=== Begin Enclosure ===

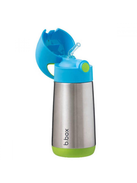 Innowacyjna termobutelka ze słomką marki b.box. Dzięki podwójnym ściankom ze stali nierdzewnej utrzymuje temperaturę do 6 godzin.
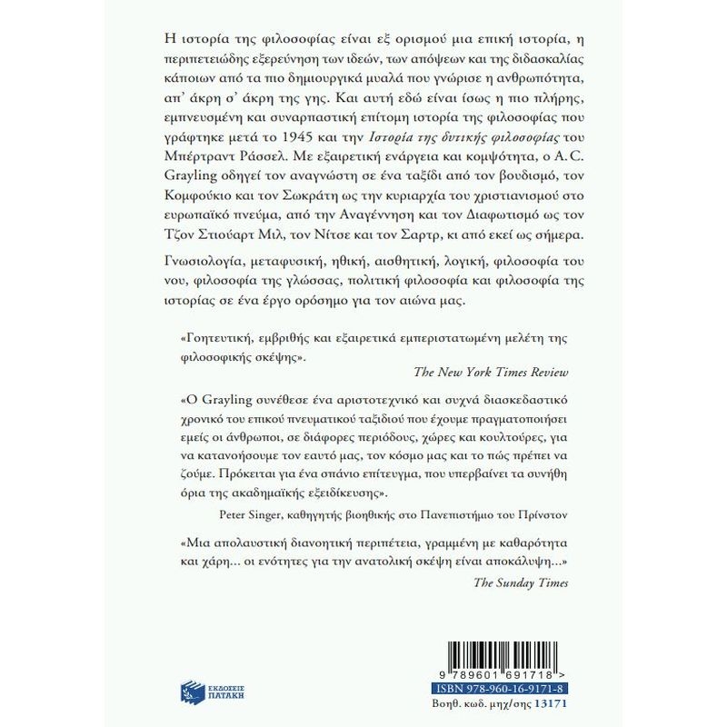 Η ιστορία της φιλοσοφίας είναι εξ ορισμού μια επική ιστορία, η περιπετειώδης εξερεύνηση των ιδεών, των απόψεων και της διδασκαλίας κάποιων από τα πιο δημιουργικά μυαλά που γνώρισε η ανθρωπότητα, απ’ άκρη σ’ άκρη της γης. Και αυτή εδώ είναι ίσως η πιο πλήρης, εμπνευσμένη και συναρπαστική επίτομη ιστορία της φιλοσοφίας που γράφτηκε μετά το 1945 και την Ιστορία της δυτικής φιλοσοφίας του Μπέρτραντ Ράσσελ. Με εξαιρετική ενάργεια και κομψότητα, ο A. C. Grayling οδηγεί τον αναγνώστη σε ένα ταξίδι από τον βουδισμό, τον Κομφούκιο και τον Σωκράτη ως την κυριαρχία του χριστιανισμού στο ευρωπαϊκό πνεύμα, από την Αναγέννηση και τον Διαφωτισμό ως τον Τζον Στιούαρτ Μιλ, τον Νίτσε και τον Σαρτρ, κι από εκεί ως σήμερα. Γνωσιολογία, μεταφυσική, ηθική, αισθητική, λογική, φιλοσοφία του νου, φιλοσοφία της γλώσσας, πολιτική φιλοσοφία και φιλοσοφία της ιστορίας σε ένα έργο ορόσημο για τον αιώνα μας. «Γοητευτική, εμβριθής και εξαιρετικά εμπεριστατωμένη μελέτη της φιλοσοφικής σκέψης». The New York Times Review. «Ο Grayling συνέθεσε ένα αριστοτεχνικό και συχνά διασκεδαστικό χρονικό του επικού πνευματικού ταξιδιού που έχουμε πραγματοποιήσει εμείς οι άνθρωποι, σε διάφορες περιόδους, χώρες και κουλτούρες, για να κατανοήσουμε τον εαυτό μας, τον κόσμο μας και το πώς πρέπει να ζούμε. Πρόκειται για ένα σπάνιο επίτευγμα, που υπερβαίνει τα συνήθη όρια της ακαδημαϊκής εξειδίκευσης». Peter Singer, καθηγητής βιοηθικής στο Πανεπιστήμιο του Πρίνστον. «Μια απολαυστική διανοητική περιπέτεια, γραμμένη με καθαρότητα και χάρη… οι ενότητες για την ανατολική σκέψη είναι αποκάλυψη…» The Sunday Times.
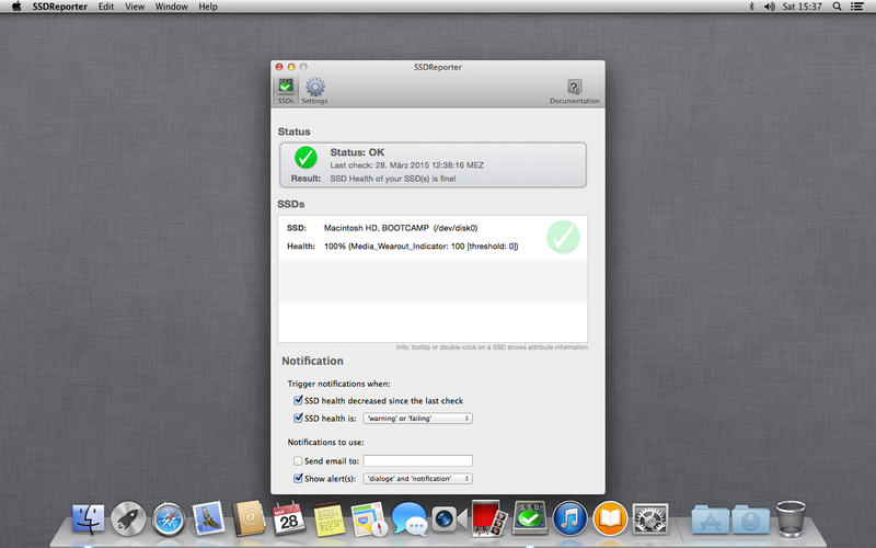 SSDReporter is an application that checks the health of your internal Solid State Disks (“SSD” aka “Flash Storage”). Since SSDs have a limited life-time determined by the number of write operations it is important to keep an eye on your SSD status. SSDReporter can warn you by e-mail or on-screen each time the health of your SSD decreases and/or when the health falls below the ‘warning’ or ‘error’ thresholds. The current status of your SSDs is also always easily recognizable because SSDReporter changes its icon (optionally in the menubar) from green to yellow (warning threshold) and finally red (error threshold) as the SSD health decreases.
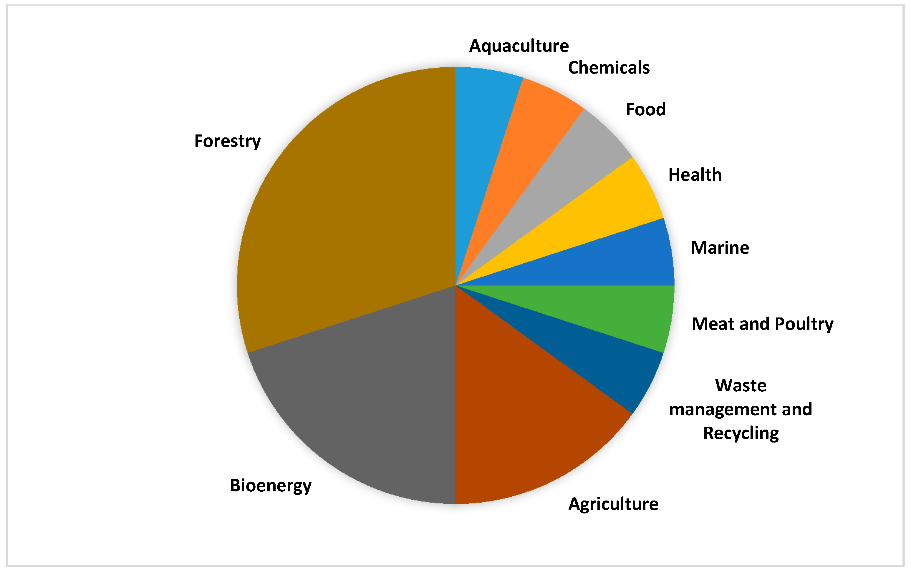 Regarding the participating actors, we find that more than half of the submissions were from industry associations or private firms, followed by an even distribution of other actor groups representing public authorities, academia, and environmental and social NGOs. When further dissecting the private sector group, we find that they represent a multitude of industrial sectors ranging from forestry to bioenergy, agriculture, waste management and recycling, meat and poultry, marine, health, food, chemicals, and aquaculture (Figure 1). Among these sectors, the forestry sector clearly dominates, followed by bioenergy and agriculture.

=== End Enclosure ===

● **DIRECTIONS FOR THIS TASK**: Could you repeat all of the data exactly, minus the pictures?

● **YOUR SOLUTION**:
 Innowacyjna termobutelka ze słomką marki b.box. Dzięki podwójnym ściankom ze stali nierdzewnej utrzymuje temperaturę do 6 godzin.
 Η ιστορία της φιλοσοφίας είναι εξ ορισμού μια επική ιστορία, η περιπετειώδης εξερεύνηση των ιδεών, των απόψεων και της διδασκαλίας κάποιων από τα πιο δημιουργικά μυαλά που γνώρισε η ανθρωπότητα, απ’ άκρη σ’ άκρη της γης. Και αυτή εδώ είναι ίσως η πιο πλήρης, εμπνευσμένη και συναρπαστική επίτομη ιστορία της φιλοσοφίας που γράφτηκε μετά το 1945 και την Ιστορία της δυτικής φιλοσοφίας του Μπέρτραντ Ράσσελ. Με εξαιρετική ενάργεια και κομψότητα, ο A. C. Grayling οδηγεί τον αναγνώστη σε ένα ταξίδι από τον βουδισμό, τον Κομφούκιο και τον Σωκράτη ως την κυριαρχία του χριστιανισμού στο ευρωπαϊκό πνεύμα, από την Αναγέννηση και τον Διαφωτισμό ως τον Τζον Στιούαρτ Μιλ, τον Νίτσε και τον Σαρτρ, κι από εκεί ως σήμερα. Γνωσιολογία, μεταφυσική, ηθική, αισθητική, λογική, φιλοσοφία του νου, φιλοσοφία της γλώσσας, πολιτική φιλοσοφία και φιλοσοφία της ιστορίας σε ένα έργο ορόσημο για τον αιώνα μας. «Γοητευτική, εμβριθής και εξαιρετικά εμπεριστατωμένη μελέτη της φιλοσοφικής σκέψης». The New York Times Review. «Ο Grayling συνέθεσε ένα αριστοτεχνικό και συχνά διασκεδαστικό χρονικό του επικού πνευματικού ταξιδιού που έχουμε πραγματοποιήσει εμείς οι άνθρωποι, σε διάφορες περιόδους, χώρες και κουλτούρες, για να κατανοήσουμε τον εαυτό μας, τον κόσμο μας και το πώς πρέπει να ζούμε. Πρόκειται για ένα σπάνιο επίτευγμα, που υπερβαίνει τα συνήθη όρια της ακαδημαϊκής εξειδίκευσης». Peter Singer, καθηγητής βιοηθικής στο Πανεπιστήμιο του Πρίνστον. «Μια απολαυστική διανοητική περιπέτεια, γραμμένη με καθαρότητα και χάρη… οι ενότητες για την ανατολική σκέψη είναι αποκάλυψη…» The Sunday Times.
 SSDReporter is an application that checks the health of your internal Solid State Disks (“SSD” aka “Flash Storage”). Since SSDs have a limited life-time determined by the number of write operations it is important to keep an eye on your SSD status. SSDReporter can warn you by e-mail or on-screen each time the health of your SSD decreases and/or when the health falls below the ‘warning’ or ‘error’ thresholds. The current status of your SSDs is also always easily recognizable because SSDReporter changes its icon (optionally in the menubar) from green to yellow (warning threshold) and finally red (error threshold) as the SSD health decreases.
 Regarding the participating actors, we find that more than half of the submissions were from industry associations or private firms, followed by an even distribution of other actor groups representing public authorities, academia, and environmental and social NGOs. When further dissecting the private sector group, we find that they represent a multitude of industrial sectors ranging from forestry to bioenergy, agriculture, waste management and recycling, meat and poultry, marine, health, food, chemicals, and aquaculture (Figure 1). Among these sectors, the forestry sector clearly dominates, followed by bioenergy and agriculture.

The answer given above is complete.